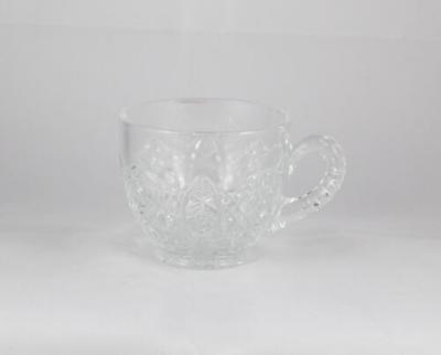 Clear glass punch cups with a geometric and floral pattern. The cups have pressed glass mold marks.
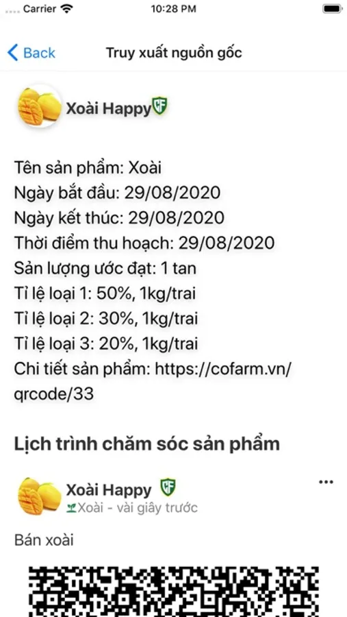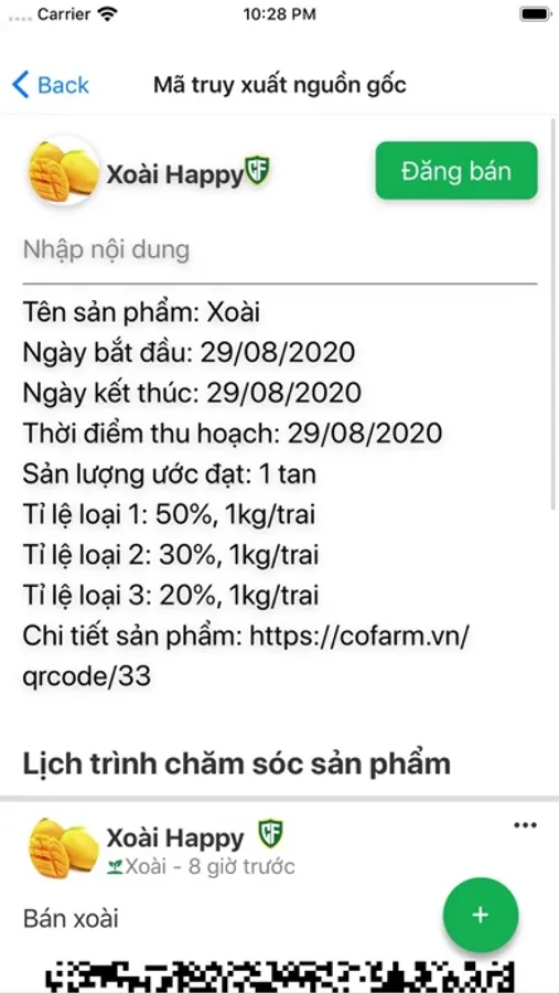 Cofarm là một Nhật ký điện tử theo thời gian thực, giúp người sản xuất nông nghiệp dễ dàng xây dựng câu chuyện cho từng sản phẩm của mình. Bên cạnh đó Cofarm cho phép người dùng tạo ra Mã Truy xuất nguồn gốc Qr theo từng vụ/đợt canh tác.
---
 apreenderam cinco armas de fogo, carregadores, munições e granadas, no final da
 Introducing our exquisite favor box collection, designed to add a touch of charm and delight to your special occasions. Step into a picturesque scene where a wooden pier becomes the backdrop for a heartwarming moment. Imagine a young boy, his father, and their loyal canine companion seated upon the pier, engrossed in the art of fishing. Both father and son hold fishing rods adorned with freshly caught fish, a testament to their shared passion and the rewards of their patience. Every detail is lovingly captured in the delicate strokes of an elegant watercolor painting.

** AIM OF THE TASK **
Would you give again, exactly, the lines in the data above that run from the line containing "Clear glass punch" to the line containing "Cofarm là một"? Include both ends and no pictures.

** WORKED SOLUTION **
 Clear glass punch cups with a geometric and floral pattern. The cups have pressed glass mold marks.
 Cofarm là một Nhật ký điện tử theo thời gian thực, giúp người sản xuất nông nghiệp dễ dàng xây dựng câu chuyện cho từng sản phẩm của mình. Bên cạnh đó Cofarm cho phép người dùng tạo ra Mã Truy xuất nguồn gốc Qr theo từng vụ/đợt canh tác.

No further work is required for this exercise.